An Overview of Innovations in Office-Based Rhinology

Martin J. Citardi, MD, Pete S. Batra, MD, and R. Peter Manes, MD

The following article provides highlights from the Panel Presentation “Innovations in Office-Based Therapy for the Rhinology Patient,” presented by the authors at the AAO-HNSF 2024 Annual Meeting & OTO EXPO. If you missed last year’s presentation, be sure to attend this year’s panel on the same topic on Tuesday, October 14, at the upcoming meeting in Indianapolis, Indiana.

Office-based rhinology procedures have emerged as effective alternatives to traditional operating room surgeries for select nasal and sinus conditions. They provide a lower-cost setting, high patient acceptance, and streamlined coordination, reserving the operating room for the most challenging cases. Advances in technology and technique now allow some treatments to migrate from the hospital to the clinic. Here, we review some of these procedures along with considerations for incorporating them into your practice—from anesthesia needs to billing codes and recovery care.

Anesthesia

Conducting rhinologic procedures in the office hinges on effective local anesthesia to ensure patient comfort. Commonly, a combination of topical and infiltrative anesthetics is used to numb the nasal cavity. Lidocaine has a rapid onset and moderate duration (~one to two hours, extended to three to four hours with epinephrine), while tetracaine has a slower onset but can last much longer (several hours, significantly prolonged with epinephrine). It is important to stay within safe dosage limits (e.g., lidocaine up to ~7 mg/kg with epinephrine) to avoid systemic toxicity. Techniques often involve 4% topical lidocaine (spray or soaked pledgets) to anesthetize the mucosa, followed by targeted injections (e.g., 1% lidocaine with epinephrine) at specific targets such as the sphenopalatine foramen area and the turbinates.

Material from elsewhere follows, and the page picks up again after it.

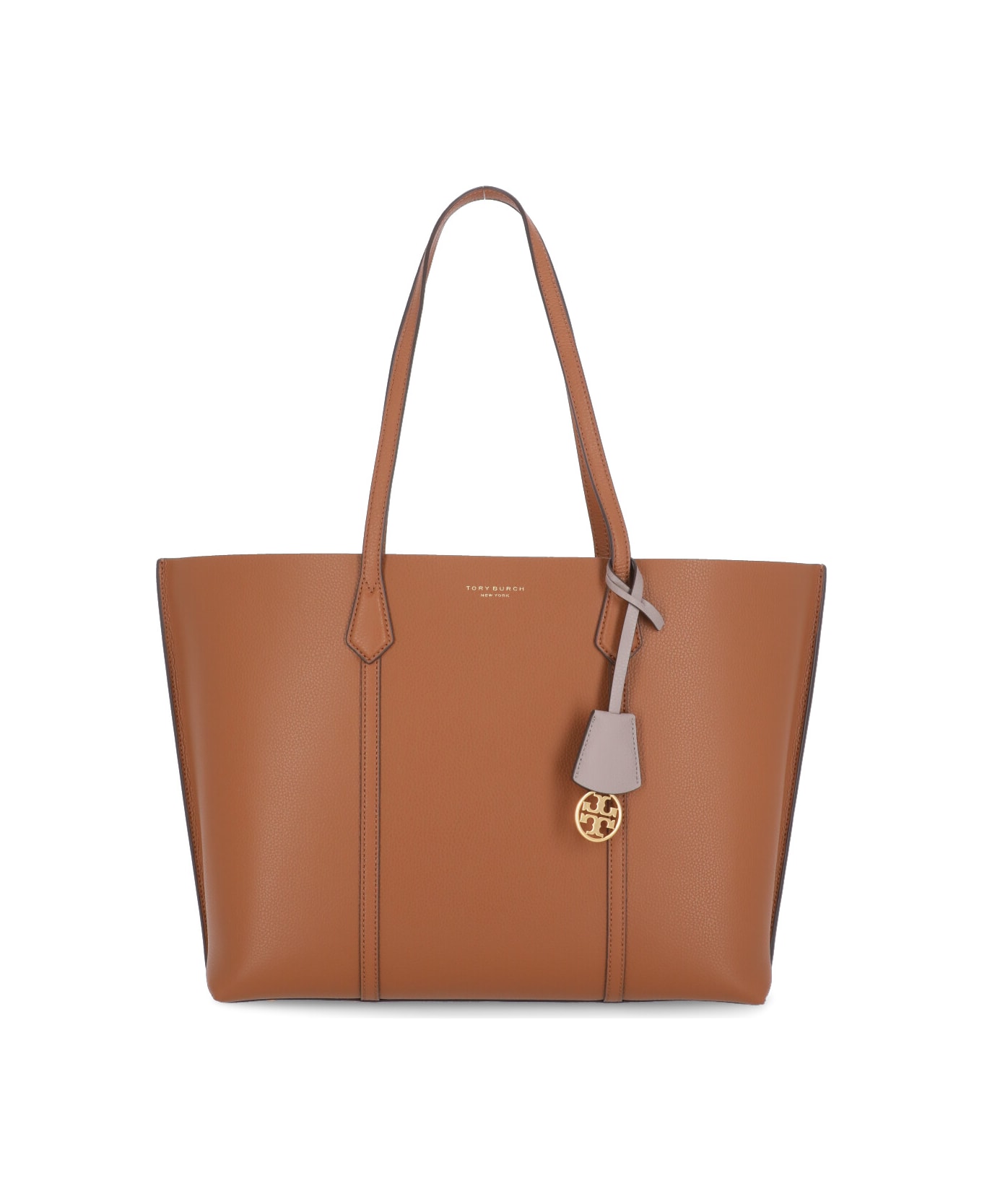 - Brown Tory Burch pebbled leather shoulder bag for woman - Two handles - Removible metallic double T logo - Two main contrasting colour compartment - Front contrasting color printed logo - One internal pocket with contrasting color fastening - Three internal welt pockets

True allergic reactions to local anesthetics are rare. Side effects of local anesthesia, when they occur, are typically due to high systemic absorption. Patients may experience lightheadedness or central nervous system effects (in extreme cases, seizures or drowsiness) and cardiovascular effects (low blood pressure or arrhythmia) if too much anesthetic enters the bloodstream. Including epinephrine constricts blood vessels and reduces absorption, though it may cause transient heart palpitations or jitteriness.

Overall, with skilled application of topical and local anesthesia, most patients tolerate office procedures well, often reporting only mild pressure or moments of discomfort rather than pain. The ability to achieve profound local anesthesia is what makes complex office procedures feasible in awake patients. Some practitioners also offer a mild sedative (such as a low-dose benzodiazepine) for anxious patients. Ensuring the patient is adequately numb and at ease is critical; this not only improves the patient experience but also allows the surgeon to work meticulously without time pressure.

Mometasone Implants

Chronic rhinosinusitis, especially with nasal polyps (CRSwNP), often requires prolonged anti-inflammatory treatment. Mometasone-eluting sinus implants are a novel therapy that enables targeted steroid delivery in the sinuses over a period of weeks to months. These bioabsorbable implants (e.g., Propel® and SINUVA®) slowly release mometasone furoate, a corticosteroid, to reduce inflammation and polyp regrowth. They are placed endoscopically into the sinus cavities—often the ethmoid sinus—either during an office visit or at the end of sinus surgery.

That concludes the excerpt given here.